One SWARM Heat test failed

Bug #1591327 reported by Timur Nurlygayanov on 2016-06-10
6
This bug affects 1 person
Affects Status Importance Assigned to Milestone
Fuel for OpenStack
High
MOS Ceilometer
Mitaka
High
Igor Degtiarov
Newton
High
MOS Ceilometer

Bug Description

Failed jobs:
https://product-ci.infra.mirantis.net/job/9.0.system_test.ubuntu.services_ha/135/testReport/(root)/deploy_heat_ha/deploy_heat_ha/

https://product-ci.infra.mirantis.net/job/9.0.system_test.ubuntu.services_ha_one_controller/136/testReport/(root)/deploy_heat_ha_one_controller_neutron/deploy_heat_ha_one_controller_neutron/

Steps To Reproduce:
1. Take MOS 9.0 ISO
2. Create environment with 1 controller, 1 compute, install Ceilometer, Cinder with LVM, Neutron VLANs
3. Run OSTF test "Heat Autoscaling"

Observed Result:
Test failed, we can see many tracebacks in ceilometer logs.

The issue affects 2 SWARM tests and it reproduced only once. We can't reproduce it manually on QA lab.

Changed in fuel:
milestone: none → 9.0
assignee: nobody → Alexander Nagovitsyn (gluk12189)
importance: Undecided → High
status: New → Incomplete
tags: added: swarm-blocker
tags: added: swarm-fail
removed: swarm-blocker

We can see that only one Heat-related SWARM test failed now (on the latest #467 build), we are going to investigate the root of the issue.

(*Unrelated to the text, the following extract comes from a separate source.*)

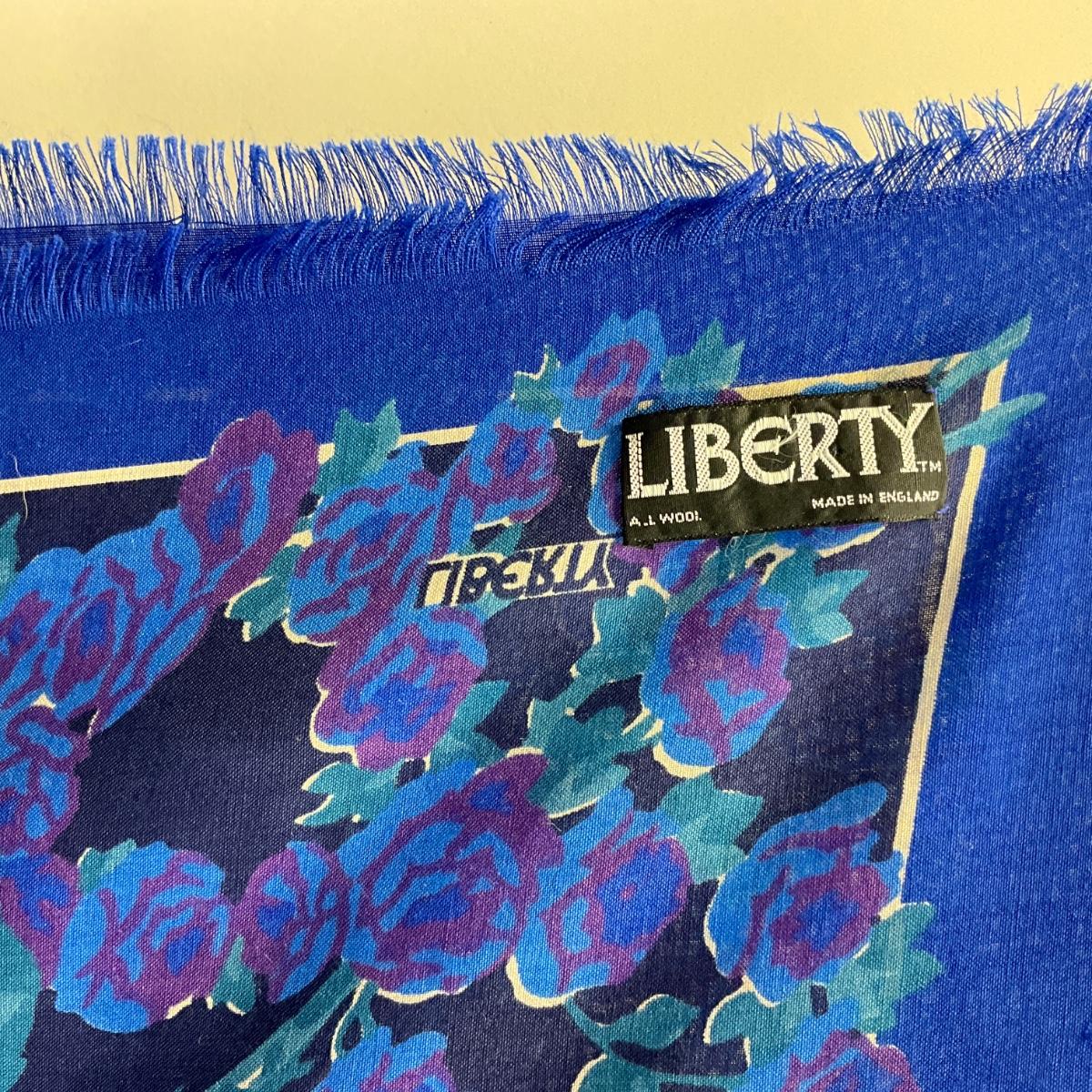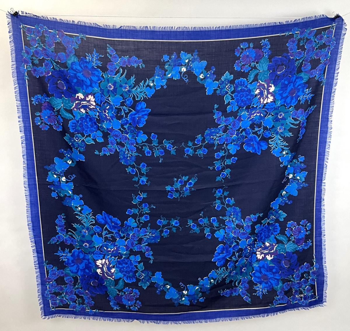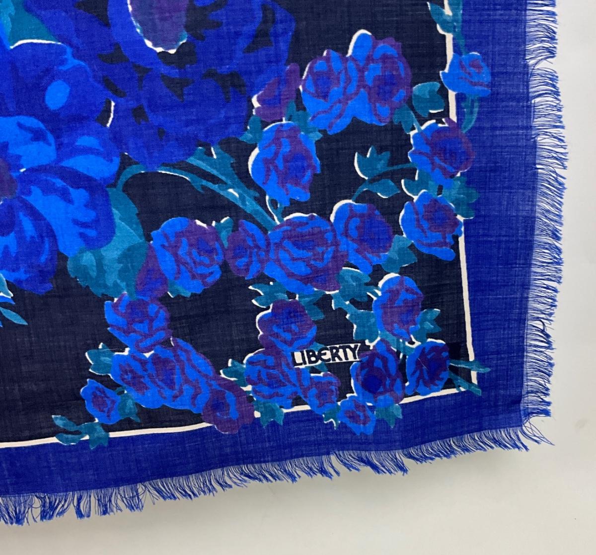 549 LIBERTY OF LONDON Blue Floral Wool Shawl
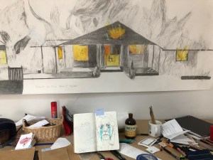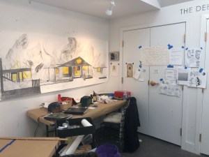 and headed home.  The Salem Art Association has been good to me over the years…this was the third time I have had the opportunity to use the Annex for a project (many thanks Kathy Dinges).  I had fun setting up my stuff in the Annex to use the space to sort my 25 years of drawing books for my exhibit (“Memory as Myth”) at the Hallie Ford Museum of Art May 9-August 9th this year (fingers crossed on that one).

summary: - Two SWARM Heat tests failed
+ One SWARM Heat test failed
Changed in fuel:
status: Incomplete → Confirmed

I revert build and check tests and logs.
Auto Scaling works fine, rollback too. (Checked multiple times)

fuel --env 1 health --check tests_platform
WARNING: ostf credentials are going to be mandatory in the next release.
[ 1 of 14] [success] 'Ceilometer test to check alarm state and get Nova notifications' (46.05 s)
....
[10 of 14] [success] 'Advanced stack actions: suspend, resume and check' (84.73 s)
[11 of 14] [success] 'Check stack autoscaling' (966.2 s)
....

However, the test constantly fails on swarm.
I will continue research this problem with heat team

I think the problem in the SWARM server load
srv31-bud:~$ free -m
             total used free shared buffers cached
Mem: 64397 50296 14101 1135 235 46544
-/+ buffers/cache: 3516 60881
Swap: 15623 0 15623

virsh list
 Id Name State
----------------------------------------------------

Deploed 3 nodes (8gb x3) + 1 master node (3-4gb)
If the server is busy he has a swap problem. Nodes working slowly

Hi CI team, we need to run this test on the hardware server with required amount of RAM.
Now we can see that server has 64 Gb of RAM but anyway we use SWAP, in the result this test failed.
Could you please make sure that we don't use SWAP during SWARM tests execution? It will allow to avoid extra failures.

Alexander, could you please describe how many RAM we need to successfully run this SWARM test?

Aleksandra Fedorova (bookwar) wrote :

Timur, please state explicitly which amount of RAM is required for this test.

From comment https://bugs.launchpad.net/fuel/+bug/1591327/comments/4 I see that test was run on 64Gb RAM and there is no swap usage.

Do we have zabbix statistics on that host?
Load seems ok on that machine https://product-ci.infra.mirantis.net/computer/srv32-bud.infra.mirantis.net/load-statistics?type=hour

The latest jobs are green for MOS 9.0 #473 - #495, marked as Invalid.

Sorry, the job is still red:

https://product-ci.infra.mirantis.net/job/9.0.system_test.ubuntu.services_ha_one_controller/

On the host where we run the latest Heat tests:

tnurlygayanov@srv31-bud:~$ free -m
             total used free shared buffers cached
Mem: 64397 63979 418 1488 49 29091
-/+ buffers/cache: 34838 29559
Swap: 15623 0 15623

All RAM is full, atop shows SWAP as RED.

It looks like the configuration of the servers is correct, Alexander, we need to investigate the root of the failed test cases.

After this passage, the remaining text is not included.